Always wear your name tag at the top of your chest, near your right shoulder and provide your full name as you introduce yourself. As you reach out to shake hands, your right shoulder will come forward, emphasizing your name tag. The person on the receiving end of your handshake will both see and hear your name simultaneously, increasing the likelihood for them to remember it.

Do: Find your table promptly.
Don’t: Just sit anywhere.

You should remain standing until the guest of honor arrives and invites you to be seated. If place cards have not been set, the guest of honor will take the seat with the best view, and if they’ve brought a guest, that individual will sit to their left. The guest of honor may instruct everyone where to sit, but if not, take any seat, ensuring that those attending together are not separated. In business dining it is not necessary to pull out the seat for a woman unless she is your guest.
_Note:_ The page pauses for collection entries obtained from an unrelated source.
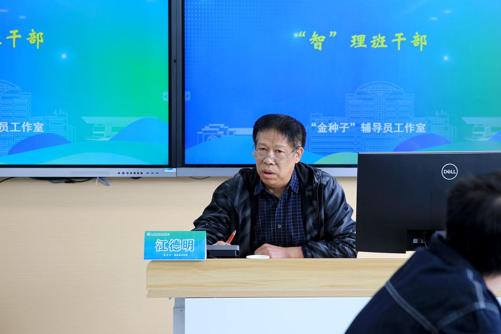 “智”理班干部。江主任任教40余年,具有丰富的学生工作和团队管理经验。培训中,他首先向所有奋斗在一线的班主任、辅导员致以敬意,随后,他详细说明了辅导员们的职责和使命,用实际案例和班主任们一起探讨如何做一名合格的人生引路人。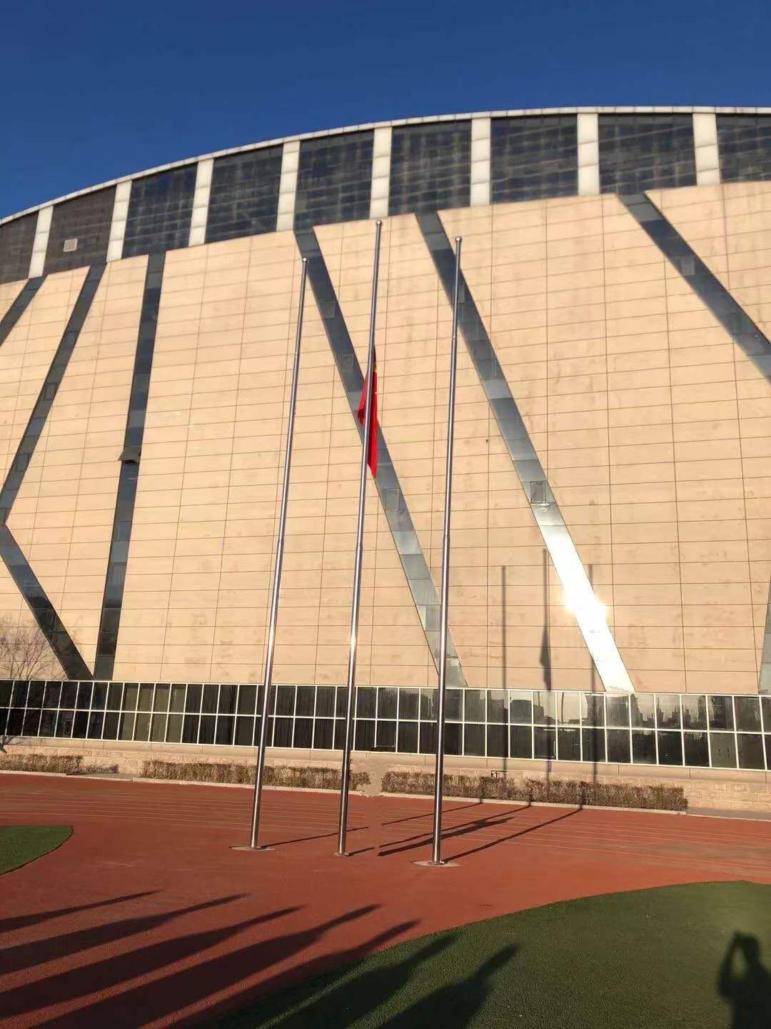 4月4日上午,学校团委组织各学院团总支在操场举行为新冠疫情牺牲烈士和逝世同胞哀悼活动。早上7:00,五星红旗在庄严的国歌声中冉冉升起,现场老师们满怀着对新冠肺炎疫情牺牲烈士和逝世同胞的深切哀悼,向国旗行注目礼。国旗到达旗杆顶端,停留数秒钟后,降下半旗,全体老师静默颔首致哀,共同默哀三分钟。整个活动严肃、庄重。上午10:00,全体师生在家中通过观看直播、默哀,祭奠“抗疫”英烈,寄托对逝者的哀思。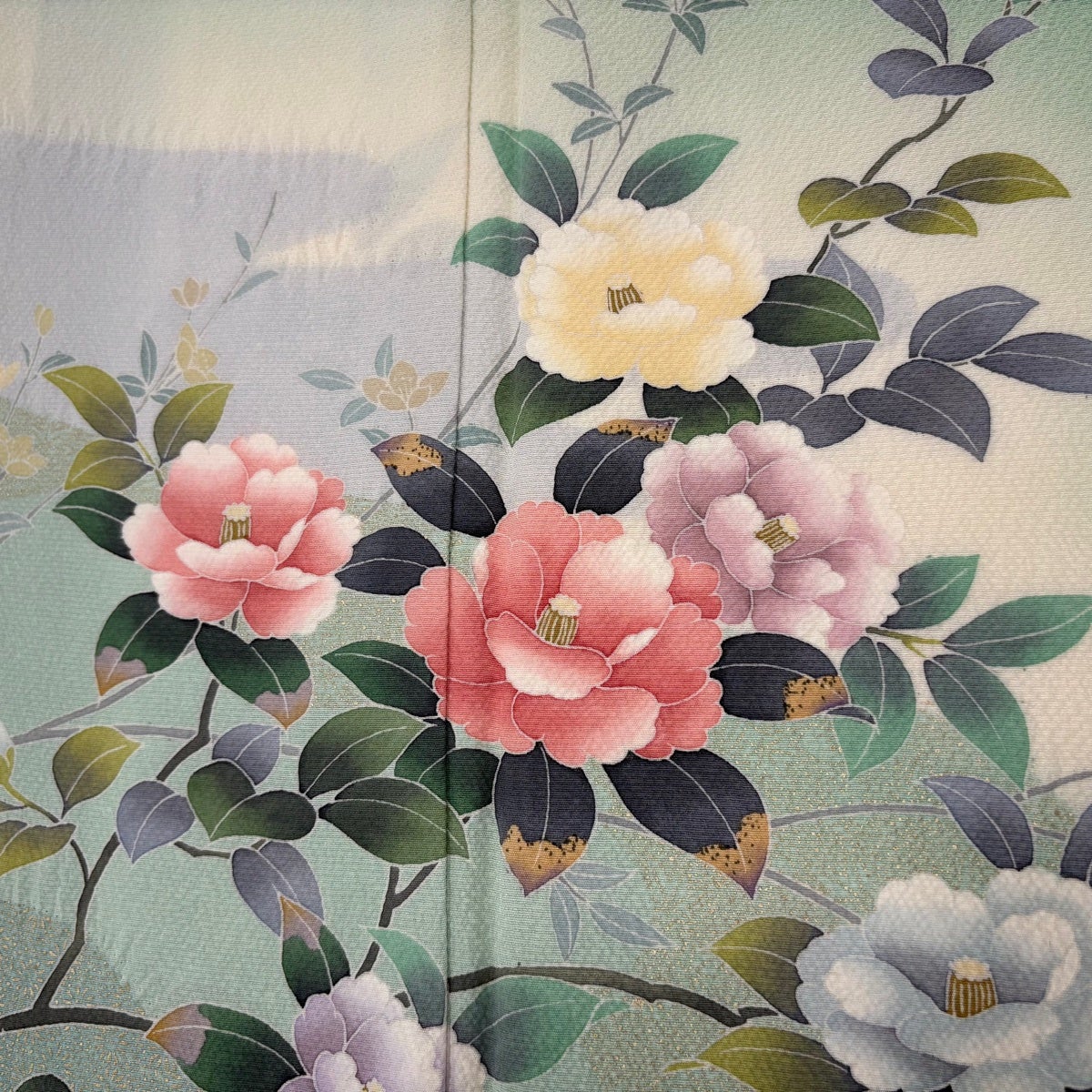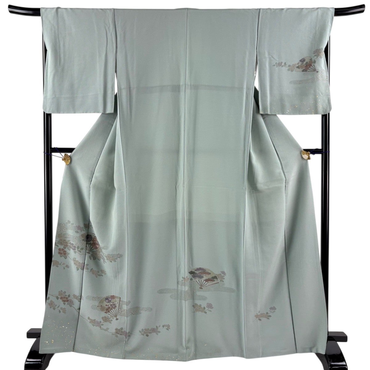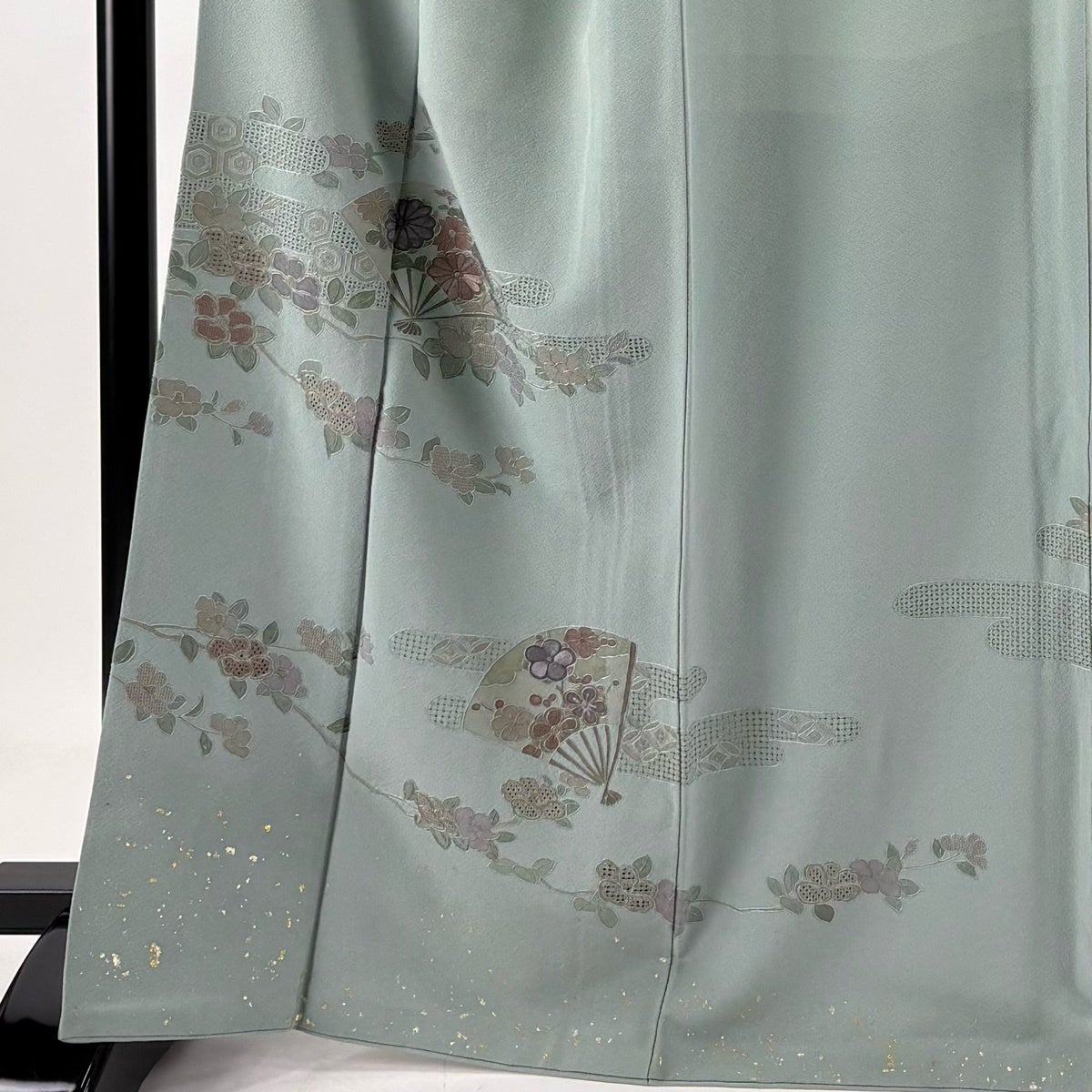 付下げ 身丈167cm 裄丈67.5cm L 袷 扇 椿 刺繍 金彩 薄緑 正絹 秀品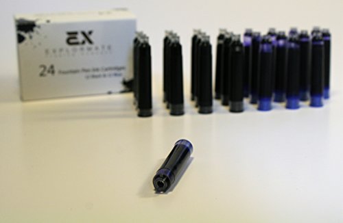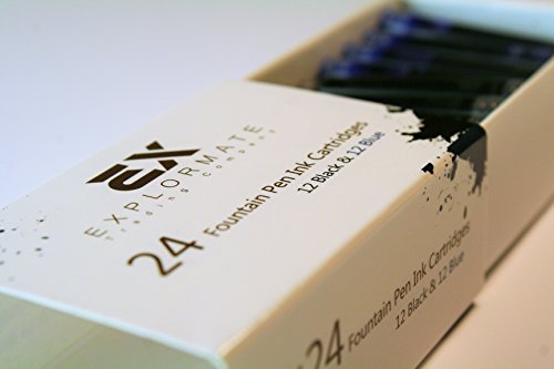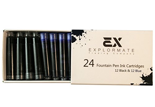 -. Title : Explormate Fountain Pen Ink Cartridges - 24 Platinum Universal Black and Blue Cartridges - Compatible with Refillable Fountain Pens and Bamboo Calligraphy Pen Sets - Preppy Combo for Fine Writing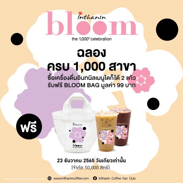 และเพื่อเป็นการฉลอง 1,000 สาขา อินทนิลได้เตรียมกระเป๋าผ้า BLOOM Bag มูลค่า 99 บาท จำนวน 50,000 ใบ สำหรับมอบให้ลูกค้าที่ซื้อเครื่องดื่มอินทนิลเมนูใดก็ได้ 2 แก้ว เฉพาะวันที่ 23 ธันวาคม 2565 ที่ร้านอินทนิลทุกสาขาทั่วประเทศ รายละเอียดเพิ่มเติม ติดตามได้ที่ www.facebook.com/inthanincoffee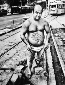 1992This tough man was hanging in a tree on the Leidse square in Amsterdam, he was a kind of street artist / performer. And he probably needed the attention he was getting!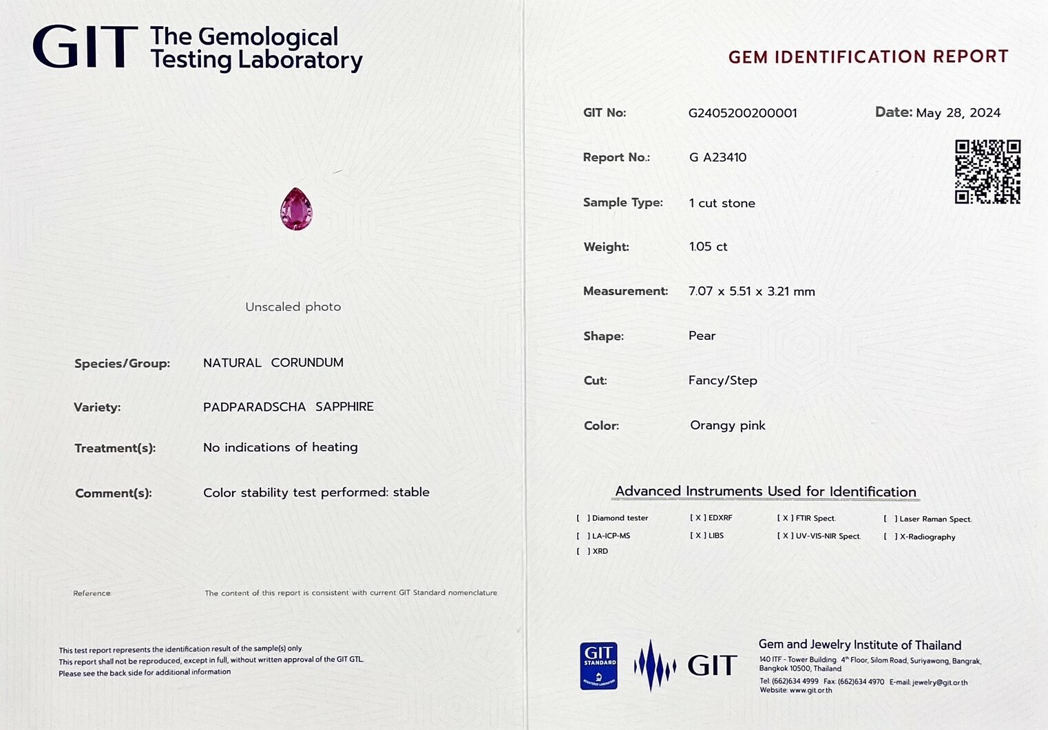 帕帕拉洽|Padparadscha▴ 重量:1.05ct (7.07*5.51*3.21mm)▴ 證書:GIT證書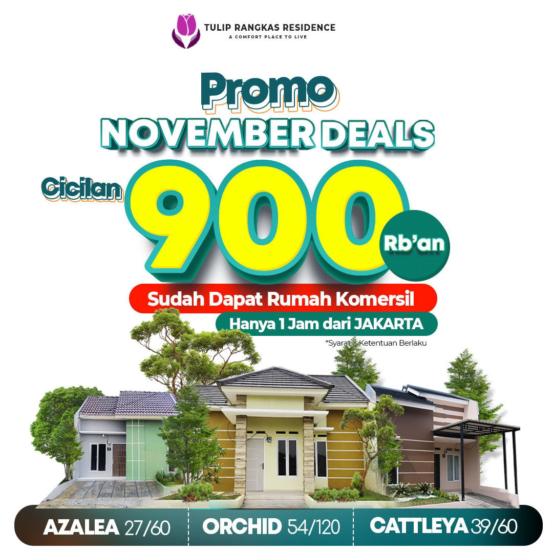 Hai Sobat Tangkas, Tulip Rangkas Residence mengadakan program spesial nih di bulan November Buat Kamu Yang Masih Ngontrak Dan Ingin Punya Rumah Dengan Badget Pas pas an? Gampang banget, Langsung Ke Tulip Rangkas Residence aja Ada "Promo November Deals" Berlaku Mulai Bulan Ini.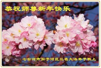 黑龍江七台河市茄子河區三名大法弟子恭祝師尊新年快樂!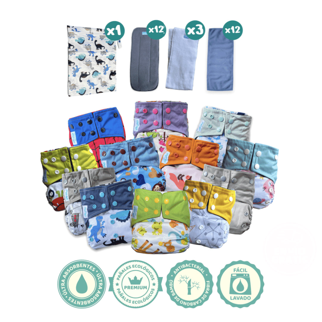 - Ajuste Cómodo y Versátil: Diseñados con un sistema de ajuste de broches, estos pañales se adaptan al crecimiento de tu bebé y son ideales tanto para el uso diario como para la natación. Su diseño de bolsillo facilita el uso de absorbentes o usarlos de sobre poner, manteniendo a tu bebé seco y cómodo durante horas.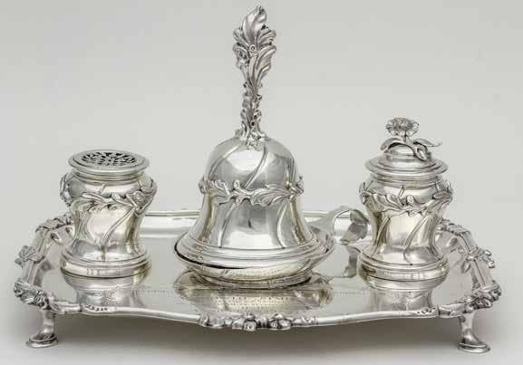 De primus kreeg van zijn geboortedorp of -stad een mooi geschenk, vaak zilverwerk, zoals dit vijfdelige schrijfstel, dat de universiteit enkele jaren geleden kon verwerven uit een privéverzameling. Het werd in 1771 door de stad Breda geschonken aan primus Antonius Simons. Op het blad, dat rust op vier pootjes, zijn een zandstrooier, een tafelbel en een inktkoker geplaatst; onder de bel bevindt zich een kleine kaarshouder.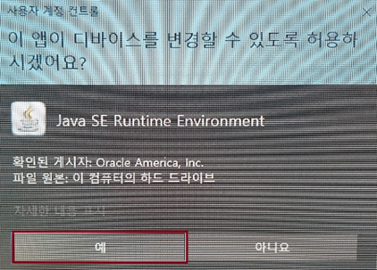 실행하면 다음과 같은 창이 나타납니다. 이 때 "예" 버튼을 클릭해 줍니다.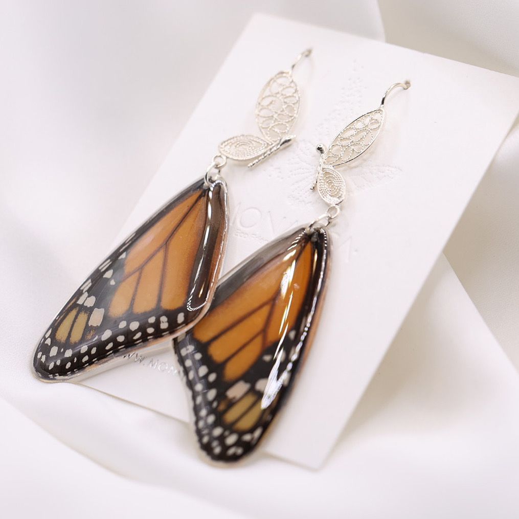 Aretes elaborados con alas superiores de la mariposa Monarca Danaus plexippus y herraje en filigrana de plata 925.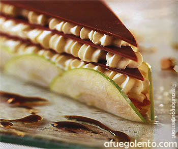 Triángulo lácteo con mousse de enebro de Houlle y manzana Granny Smith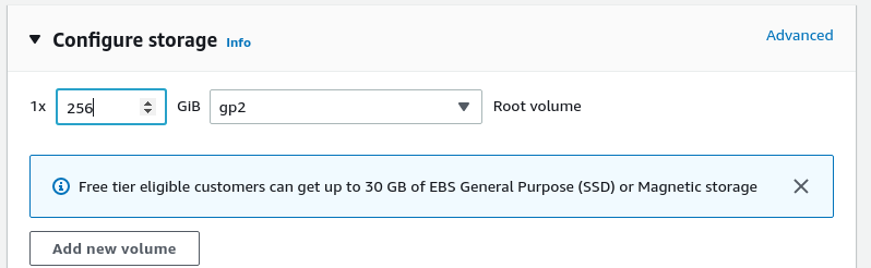 You can modify the root volume settings or you can add a new volume if required.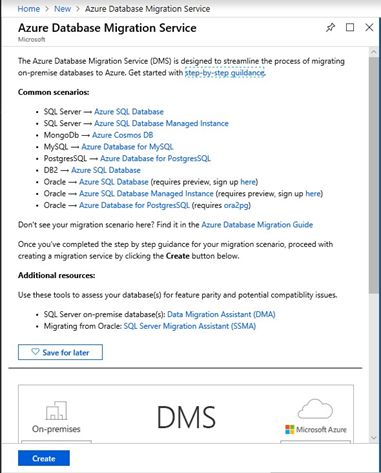 Azure DMS 支持迁移到 Azure SQL 数据库的所有服务选项(单库、弹性池和托管实例)以及 Azure IaaS 虚拟机上的SQL Server。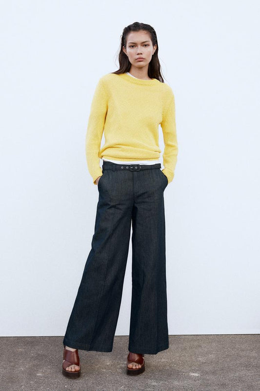 PANTALON EFFET DENIM WIDE LEG AVEC LIN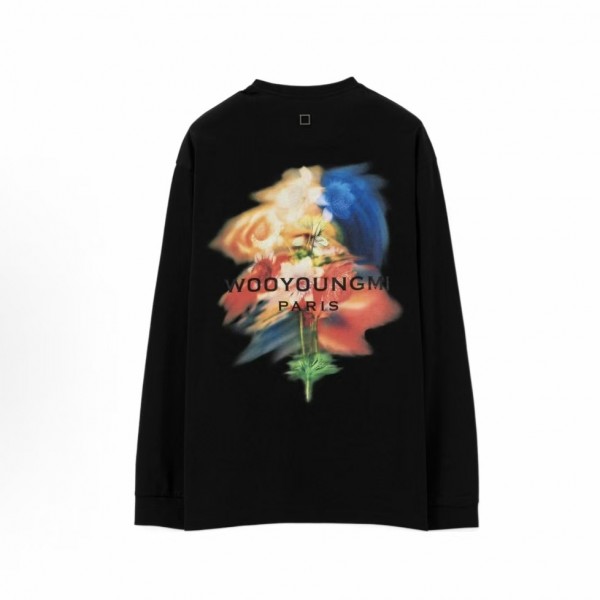우영미 플라워 라운드넥 긴팔 티셔츠 남성용 블랙 요약정보 및 구매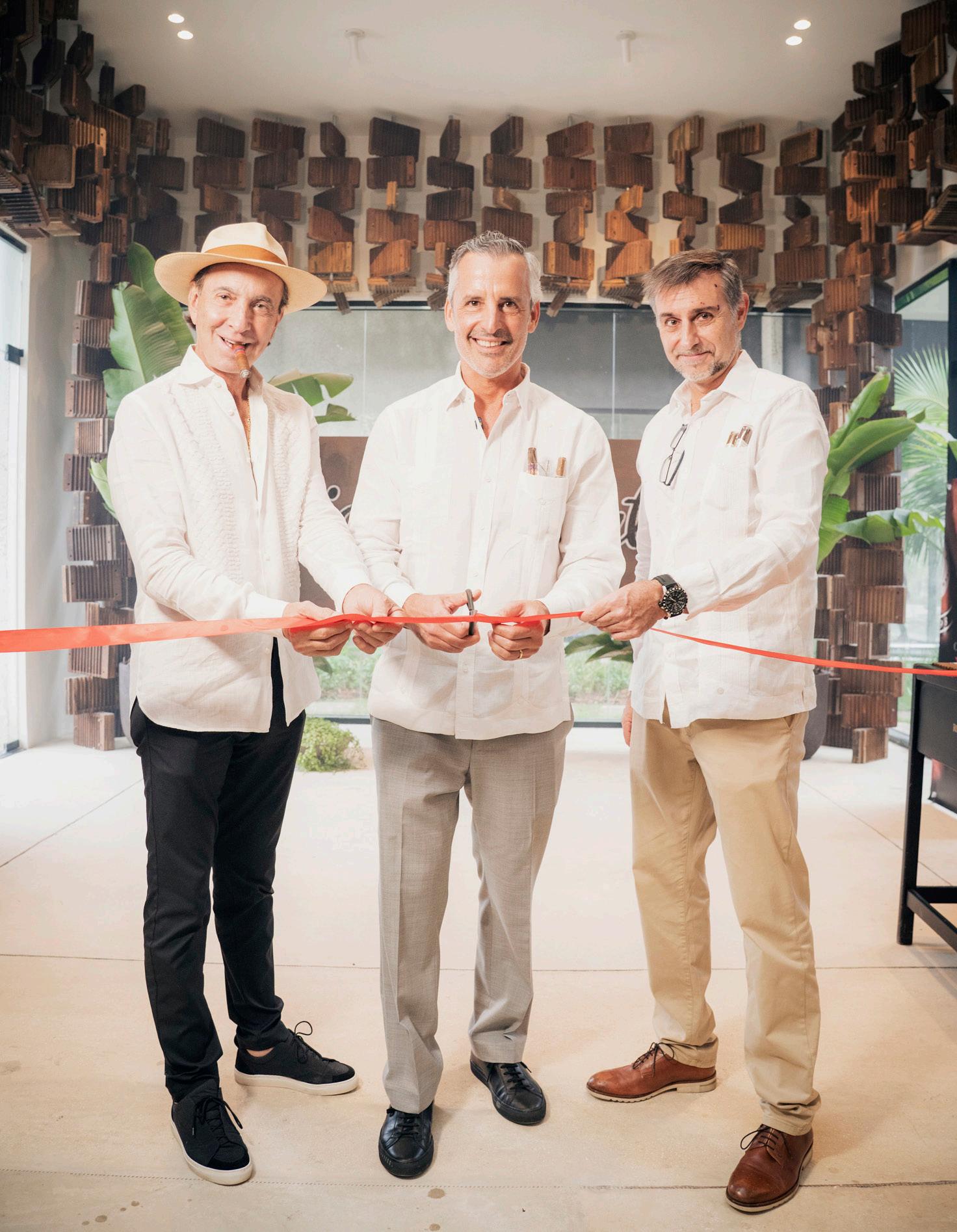 Corte de cinta a cargo de Rubén González, gerente general de Cigar Country, acompañado de Litto Gómez y Ricardo Nieto // Ribbon cutting ceremony in charge of the general manager of Cigar Country, accompanied by the president of La Flor Dominicana and the general manager of Tabacalera de García

Do: Take a moment to familiarize yourself with the table setting.
Don’t: Accidentally use someone else’s glass or utensils.

Your first action once seated should be placing your napkin on your lap. Fold your napkin in half diagonally, forming a triangle. Place the fold closest to your navel and the open ends facing your knees.

Have you ever wondered which glass is yours? Press your pointer finger against the pad of your thumb on the same hand. Hold your other fingers up in the air. Your left hand will create a “b” and your right hand will create a “d”. Your bread is on the left and your drink is on the right.

Image Source

Utensils are placed in the order of use from the outside in. The smaller fork is for a salad or appetizer and the larger fork is for dinner. A dessert spoon and fork may appear above your plate.

Do: Help pass the meal.
Don’t: Reach across the table.

You will always be served on your left and should pass dishes to your right. If needed, hold the dish for the person to your right who serves himself or herself, then holds the platter for the person to his/her right. When the table host or the guest of honor lifts his/her fork you may begin eating.

Never reach across the table to grab something. Rather, ask for the item to be passed in your direction. Never ask the server to bring you something that isn’t presented at the table - the only exceptions being salt and pepper.

If you must take a break for any reason, rest your knife across the top of your plate and the fork at the 3:00 position. To signal you are finished, place utensils at the 4:20 clock position.

Do: Enjoy an alcoholic beverage with dinner (obvious exceptions occur).
Don’t: Have more than one drink at a business function.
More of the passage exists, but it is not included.